> **Assigned task**
Every line from the one containing "巴拉追趕西西拉的時候、雅億出" to the one containing "100%纯棉 男士夏季汗背心修身运动跨栏休闲潮四季打底杉全棉汗衫" in the records below, both included, must be set down exactly, and no other line.

> **Record excerpts**

===

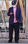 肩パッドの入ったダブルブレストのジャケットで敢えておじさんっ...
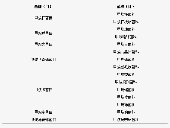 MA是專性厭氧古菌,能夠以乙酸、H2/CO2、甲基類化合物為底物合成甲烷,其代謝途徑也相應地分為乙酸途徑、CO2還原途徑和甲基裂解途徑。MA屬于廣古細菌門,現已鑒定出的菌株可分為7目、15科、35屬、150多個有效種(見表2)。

===

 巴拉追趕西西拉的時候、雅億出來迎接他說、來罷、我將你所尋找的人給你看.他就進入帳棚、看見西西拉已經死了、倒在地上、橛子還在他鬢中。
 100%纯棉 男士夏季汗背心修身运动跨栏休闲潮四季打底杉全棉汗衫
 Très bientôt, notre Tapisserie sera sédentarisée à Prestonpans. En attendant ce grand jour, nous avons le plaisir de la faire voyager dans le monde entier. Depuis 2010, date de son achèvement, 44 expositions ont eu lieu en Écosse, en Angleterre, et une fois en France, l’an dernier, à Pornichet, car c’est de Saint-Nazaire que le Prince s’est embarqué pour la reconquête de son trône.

===

> **Task output**
 巴拉追趕西西拉的時候、雅億出來迎接他說、來罷、我將你所尋找的人給你看.他就進入帳棚、看見西西拉已經死了、倒在地上、橛子還在他鬢中。
 100%纯棉 男士夏季汗背心修身运动跨栏休闲潮四季打底杉全棉汗衫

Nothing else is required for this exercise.